To determine the radius of a silver (Ag) atom when it crystallizes in a face-centered cubic (f.c.c.) structure, we can use the relationship between the unit cell dimensions and the atomic radius. In an f.c.c. lattice, atoms are located at each corner of the cube and at the centers of each face. This arrangement leads to a specific geometric relationship that we can leverage.

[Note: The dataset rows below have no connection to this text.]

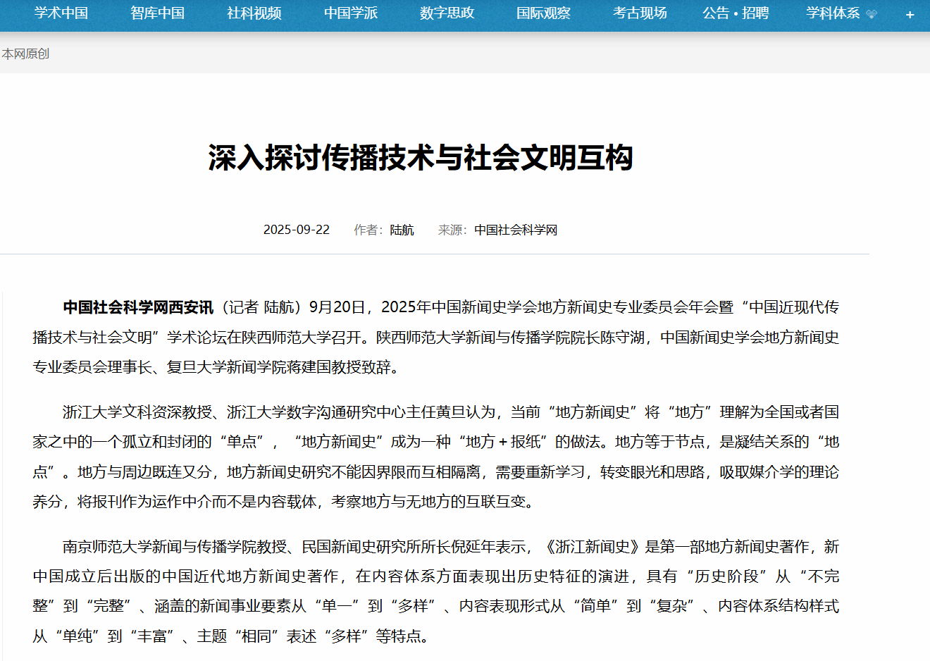 今日,中国社会科学网报道,公司于9月20日隆重召开2025年中国新闻史学会地方新闻史专业委员会年会暨“中国近现代传播技术与社会文明”学术论坛。报道原文:深入探讨传播技术与社会...
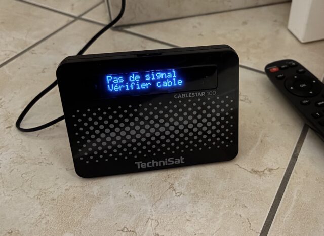 Le Technisat Cablestar 100 est un truc assez basique : un petit écran alphanumérique en face avant qui affiche quelques infos (l’interface peut être passée en français), une télécommande un peu cheap, un adaptateur secteur un peu cheap et quelques prises. Il n’y a pas de haut-parleur (les grilles sont juste là pour la chaleur), mais une sortie audio analogique en RCA et une sortie S/PDIF en coaxial. La prise USB sert a priori uniquement pour une éventuelle mise à jour de fimware. Assez bizarrement, l’entrée antenne est une prise IEC mâle, alors que les prises dédiées au câble sont généralement des type F à visser. Dans mes essais, j’ai eu besoin d’un adaptateur. Et l’appareil ne fonctionne qu’avec le DVB-C : n’espérez pas recevoir du DAB+ ou même du DVB-T.
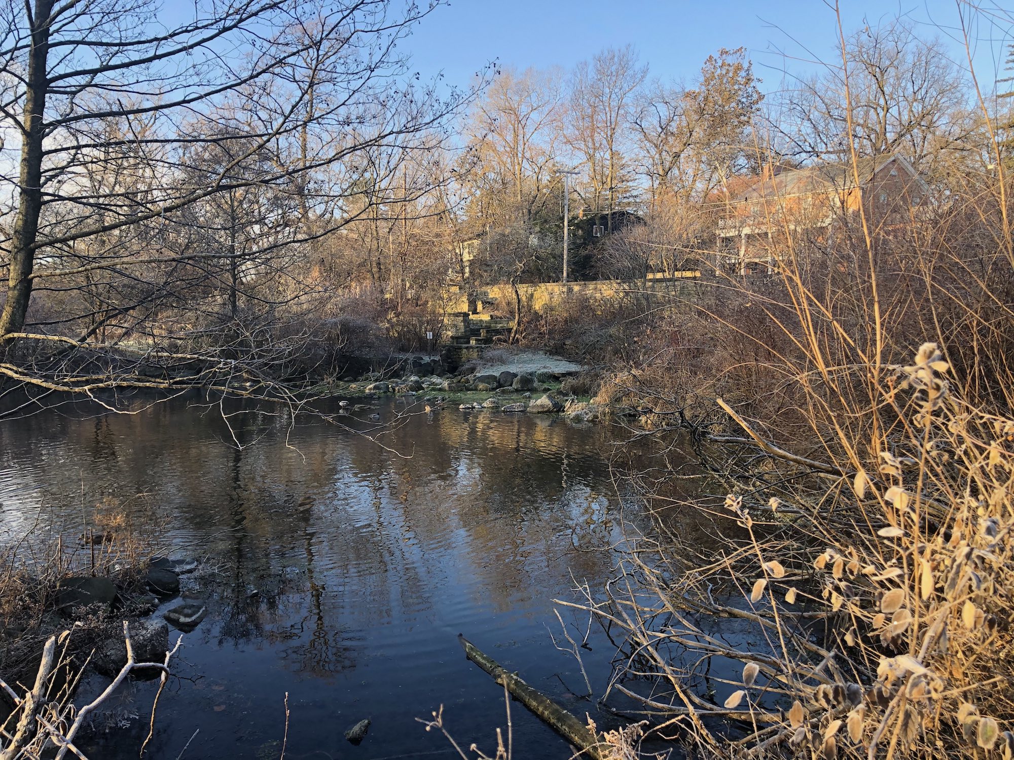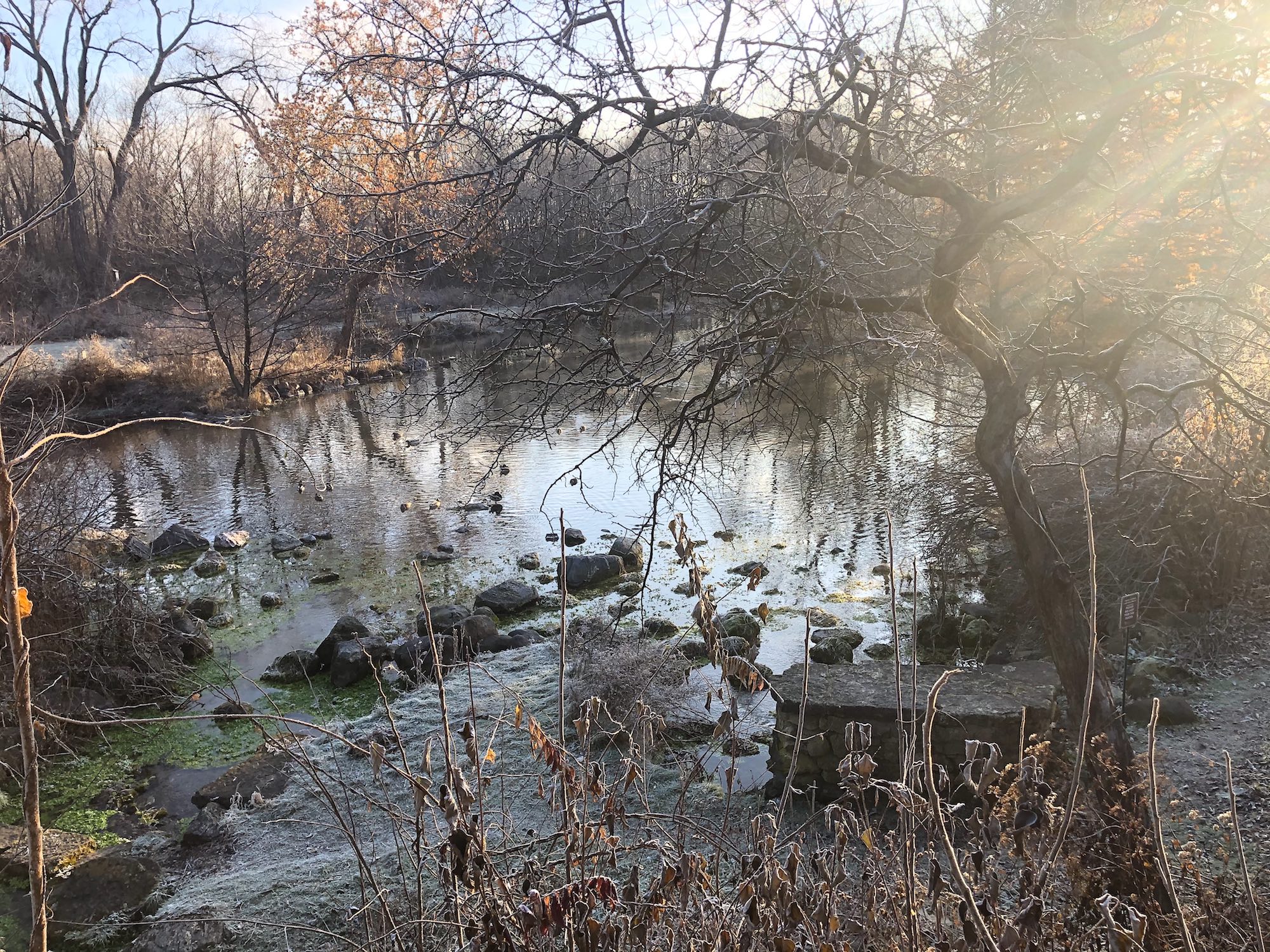 Above: Retaining pond on corner of Nakoma Road and Manitou Way on November 23, 2019 (23°).
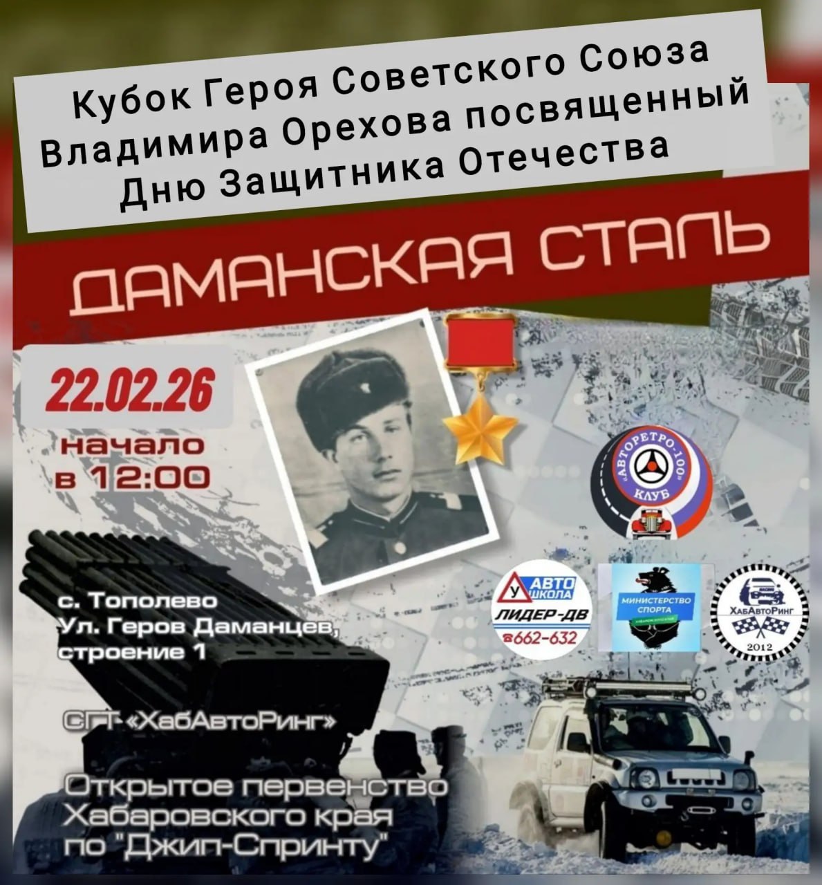 22 февраля в 12:00 состоится открытие первенства Хабаровского края по зимнему "джип-спринту" на Кубок Героя Советского Союза Владимира Орехова "Даманская сталь".
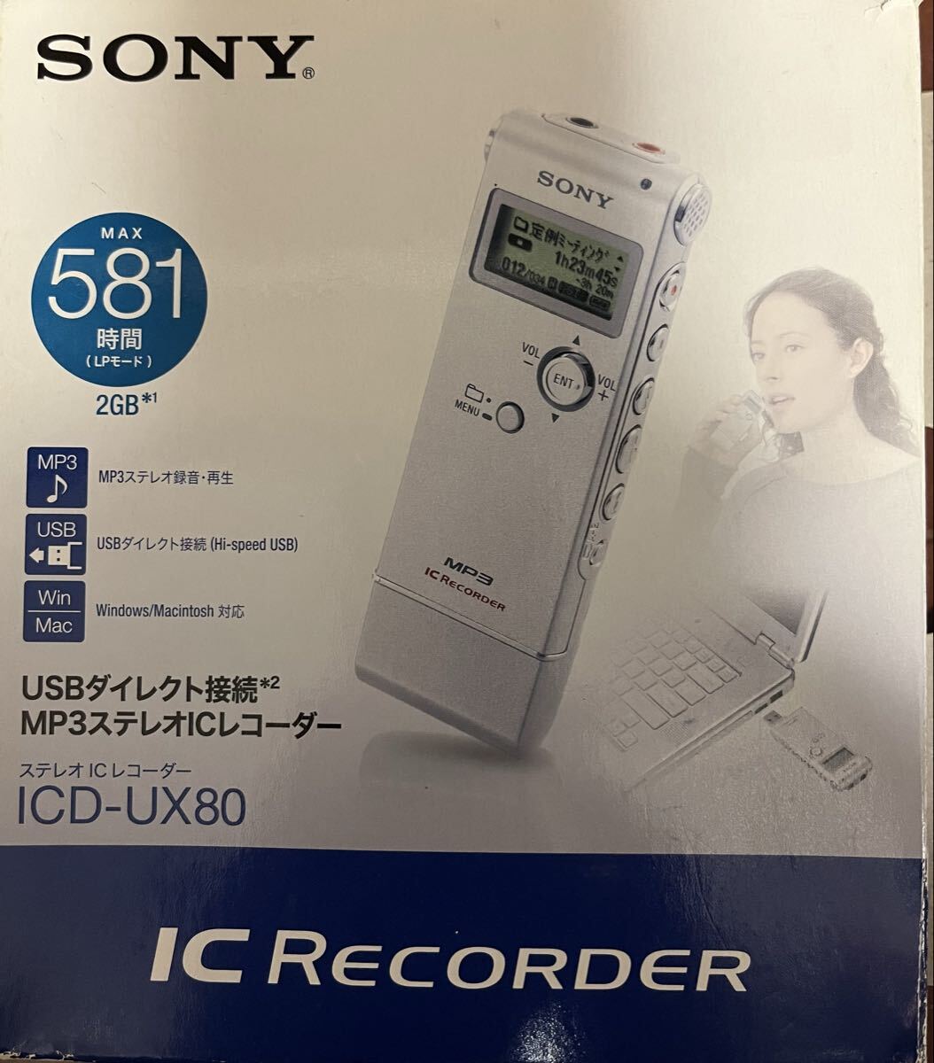 - ★ソニー★ステレオICレコーダー「ICD-UX80」★MP3★再生ファイル形式はMP3/WMAです。容量2GB、最長581時間(LPモード)の録音可能★

Understanding the f.c.c. Structure

In a face-centered cubic unit cell, the atoms touch each other along the face diagonal. The face diagonal can be expressed in terms of the unit cell edge length (a) and the atomic radius (r). The formula for the face diagonal (d) in terms of the edge length is:

• d = √2 * a

Since the face diagonal also equals four times the atomic radius (because there are two atomic radii from each of the two atoms at the ends of the diagonal), we can set up the equation:

• d = 4r

Calculating the Atomic Radius

Now, we can combine these two relationships. First, we substitute the expression for the face diagonal into the equation:

• √2 * a = 4r

Next, we can solve for the atomic radius (r):

• r = (√2 * a) / 4

Given that the edge length (a) of the silver unit cell is 409 pm (picometers), we can plug this value into our equation:

• r = (√2 * 409 pm) / 4

Performing the Calculation

Now, let's calculate the radius step by step:

• First, calculate √2, which is approximately 1.414.
• Next, multiply this by 409 pm:
• 1.414 * 409 pm ≈ 578.5 pm.
• Now, divide this result by 4:
• r ≈ 578.5 pm / 4 ≈ 144.625 pm.

Final Result

Thus, the radius of a silver atom in a face-centered cubic structure is approximately 144.6 pm. This value is consistent with the known atomic radius of silver, which is around 144 pm, confirming the accuracy of our calculations.